At the end of a society's historical enterprise to no longer recognize that it has any but a utilitarian function, and given the individual's anxiety faced with the concentration-camp form of the social link whose appearance seems to crown this effort, existentialism can be judged on the basis of the justifications it provides for the subjective impasses that do, indeed, result therefrom: a freedom that is never so authentically affirmed as when it is within the walls of a prison; a demand for commitment that expresses the inability of pure consciousness to overcome any situation; a voyeuristic-sadistic idealization of sexual relationships; a personality that achieves self-realization only in suicide; and a consciousness of the other that can only be satisfied by Hegelian murder.

These notions are opposed by the whole of analytic experience, insofar as it teaches us not to regard the ego as centered on the perception-consciousness system or as organized by the "reality principle"—the expression of a scientific bias most hostile to the dialectic of knowledge—but, rather, to take as our point of departure the function of misrecognition that characterizes the ego in all the defensive structures so forcefully articulated by Anna Freud.

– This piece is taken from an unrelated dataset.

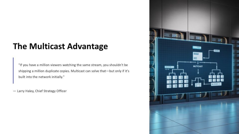 If you have a million viewers watching the same stream, you shouldn’t be shipping a million duplicate copies. Multicast can solve that—but only if it’s built into the network initially.

For, while Verneinung [negation] represents the blatant form of that function, its effects remain largely latent as long as they are not illuminated by some reflected light at the level of fate where the id manifests itself.

The inertia characteristic of the / formations can thus be understood as providing the broadest definition of neurosis, just as the subject's capture by his situation gives us the most general formulation of madness—the kind found within the asylum walls as well as the kind that deafens the world with its sound and fury.

The sufferings of neurosis and psychosis provide us schooling in the passions of the soul, just as the balance arm of the psychoanalytic scales—when we calculate the angle of its threat to entire communities—provides us with an amortization rate for the passions of the city.

At this intersection of nature and culture, so obstinately scrutinized by the anthropology of our times, psychoanalysis alone recognizes the knot of imaginary servitude that love must always untie anew or sever. For such a task we can find no promise in altruistic feeling, we who lay bare the aggressiveness that underlies the activities of the philanthropist, the idealist, the pedagogue, and even the reformer.

In the subject to subject recourse we preserve, psychoanalysis can accompany the patient to the ecstatic limit of the "Thou art that," where the cipher of his mortal destiny is revealed to him, but it is not in our sole power as practitioners to bring him to the point where the true journey begins.